Left alone, Pietro's keen sense of duty reawakes and he leaves the
place without freeing the captive.

However Toto, a dealer in tobacco, Paolo's friend and helpmate in
smuggling arrives and releases him. Instead of escaping Paolo seeks
Giovanna, and when she turns from him with loathing, he swears, either
to possess her, or to destroy her bridegroom.



On the following morning Pietro hears from Bastiano, the Bersaglieri
Sergeant, that the keys of the prison have been stolen, and the
prisoner has escaped. Pietro rejoices, that this happened without his
own intervention and turns full of happiness to his bride, who stands
ready for the wedding. The wedding-procession is slowly moving towards
church, when it is suddenly arrested by Paolo, who throws himself
between the lovers. "Mine she was, before she knew you," he cries out,
"to me she swore eternal faith, which she has now falsely broken."
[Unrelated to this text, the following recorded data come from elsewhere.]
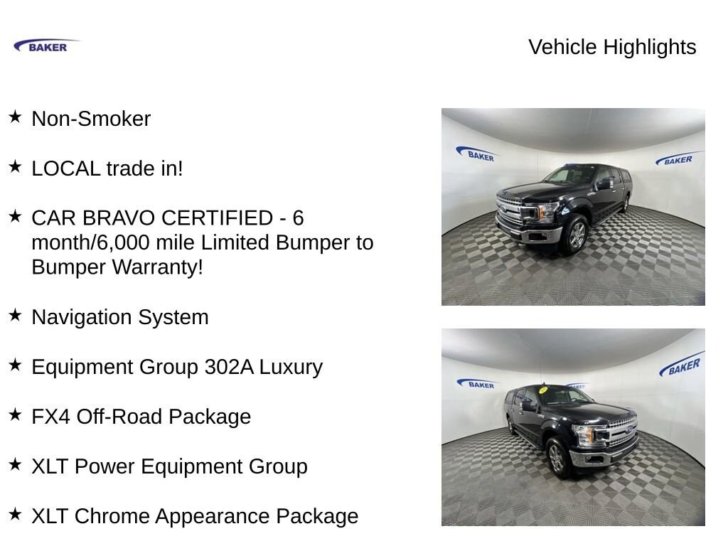 Black 2019 Ford F-150 XLT 4WD 10-Speed Automatic 5.0L V8 Non-Smoker, LOCAL trade in!, CAR BRAVO CERTIFIED - 6 month/6,000 mile Limited Bumper to Bumper Warranty!, F-150 XLT, 4D SuperCrew, 5.0L V8, 10-Speed Automatic, 4WD, Black, Medium Earth Gray w/Cloth 40/Console/40 Front Seats or Cloth 40/Console/40 Front Seats, 10-Way Power Driver & Passenger Seats, 4x4 FX4 Off-Road Bodyside Decal, AppLink/Apple CarPlay and Android Auto, Cloth 40/20/40 Front Seat, Electronic Locking w/3.55 Axle Ratio, Equipment Group 302A Luxury, Exterior Parking Camera Rear, Fixed Backlight w/Privacy Glass, FX4 Off-Road Package, Heated Front Seats, Hill Descent Control, LED Box Lighting, Navigation System, Off-Road Tuned Front Shock Absorbers, Power Glass Heated Sideview Mirrors, Power-Adjustable Pedals, Power-Sliding Rear Window, Radio: AM/FM Stereo w/6 Speakers, Rear Under-Seat Storage, Rear Window Defroster, Remote Start System, SYNC 3, Voice-Activated Touchscreen Navigation, Wheels: 18 Chrome-Like PVD, XLT Chrome Appearance Package, XLT Power Equipment Group.CALL US TODAY 6168373800. Recent Arrival! Odometer is 14848 miles below market average!
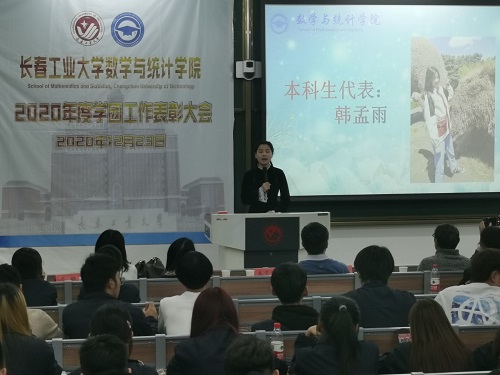 本科生韩孟雨同学和研究生李会贤同学分别代表受表彰的优秀个人发言。韩孟雨向同学们分享了学习经验,突出强调了英语学习的重要性,为学生提供了学习方法的建议,向全体师生表达了感谢与祝愿;李会贤分享了自己在本科以及研究生的经历,倡导提升学习热情,扎实基础知识,并鼓励同学们积极考研。
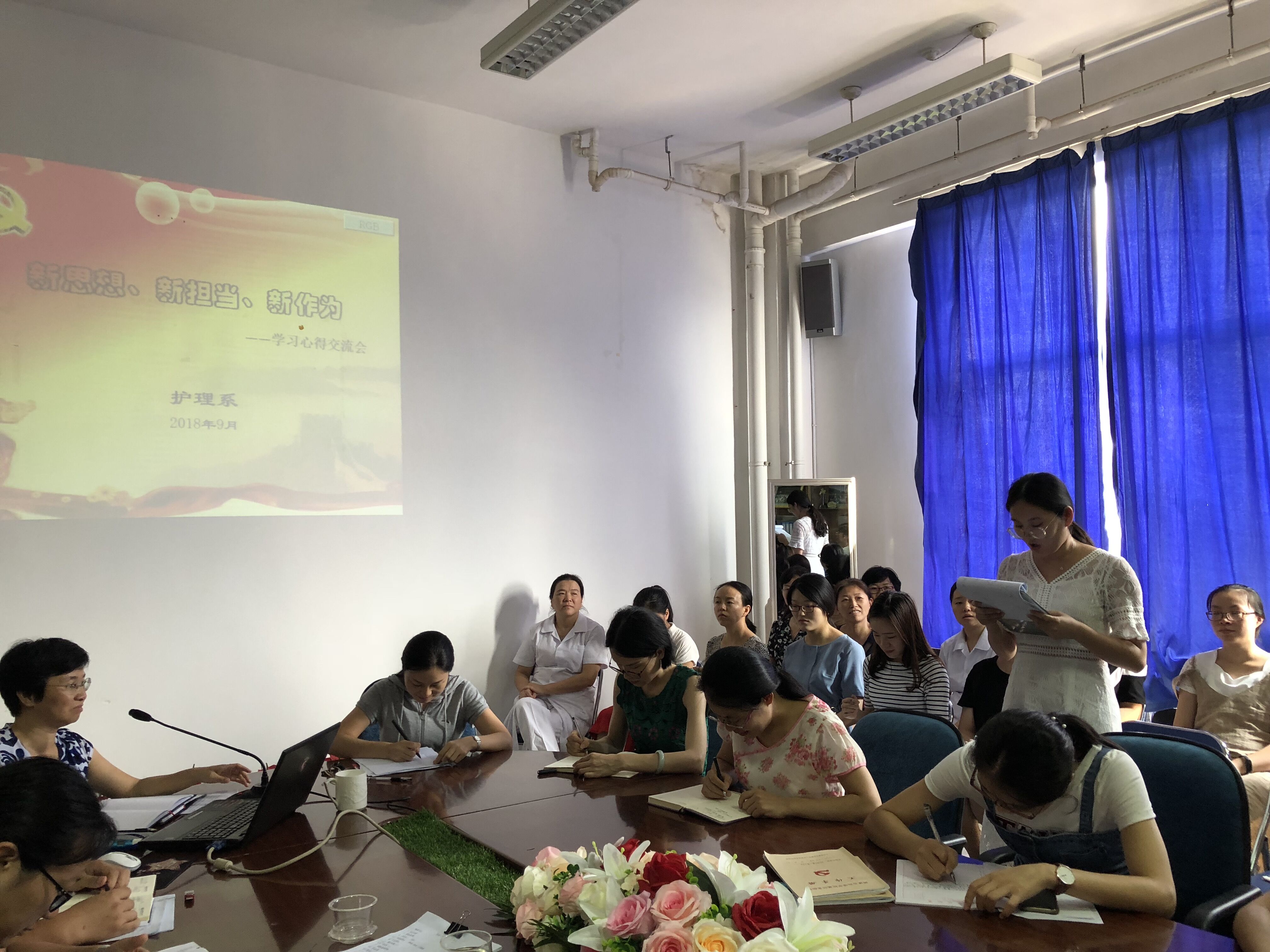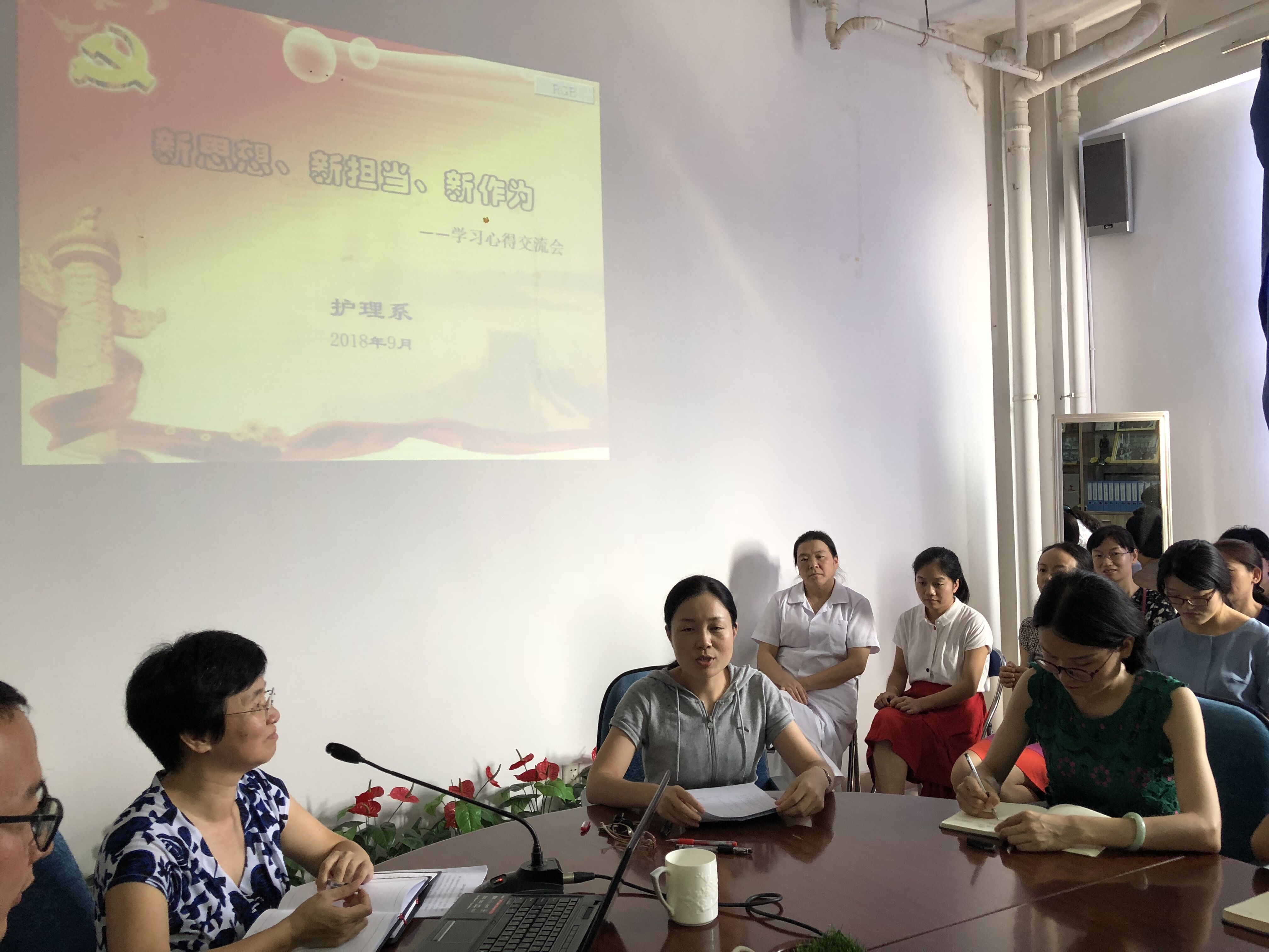 為進一步學懂弄通做實習近平新時代中國特色社會主義思想,掀起新思想“大學習、大宣講、大調(diào)研”熱潮,我系于9月6日下午在護理系會議室召開主題為“新思想、新?lián)?、新作為”的學習心得交流會,會議由護理系黨總支書記謝濤同志主持。
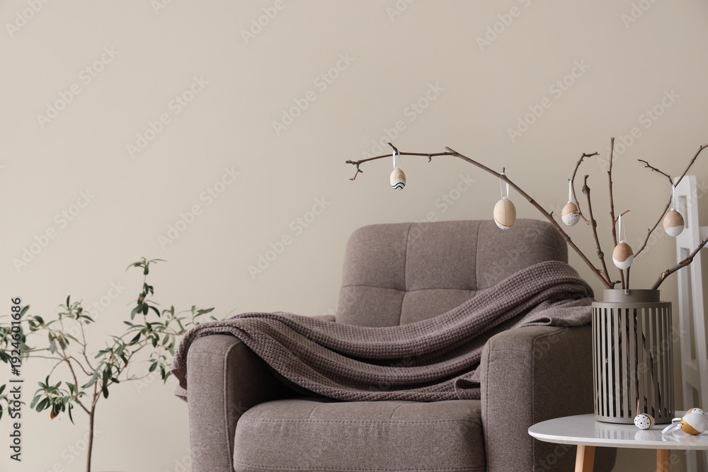 Vase With Tree Branches And Easter Eggs In Wallpaper Mural - Decorly Solutions | Decorly Solutions
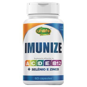 Imunize é um suplemento alimentar com Selênio, Zinco e Vitaminas A, C, D, E e B12 com Alto Teor. Possui 60 cápsulas de 600mg cada.
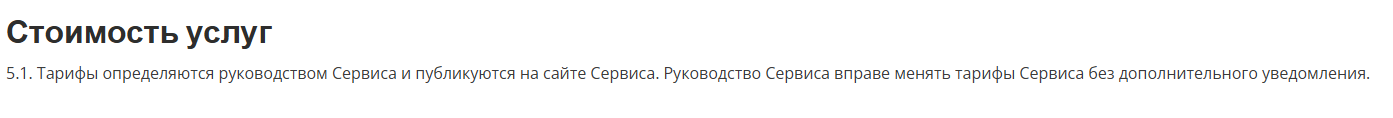Кроме того, в правилах указано, что администрация может менять тарифы и не сообщать об этом клиентам.

Giovanna, struck dumb by terror, is unable to defend herself.--Pietro
orders his men to recapture the ruffian, but quick as thought Paolo has
deprived the soldier nearest to him of his sabre and with the words
"Thou shalt die first," has thrust it towards Pietro. Alas, it is
Giovanna's breast, he pierces; she has shielded her lover with her own
body.--With a sweet smile she turns to Pietro, who implores her to
speak. "Pardon me," she sighs faintly, "he was long a stranger to my
heart; thee alone I loved, to thee I was faithful unto death." With
those loving words she sinks back expiring.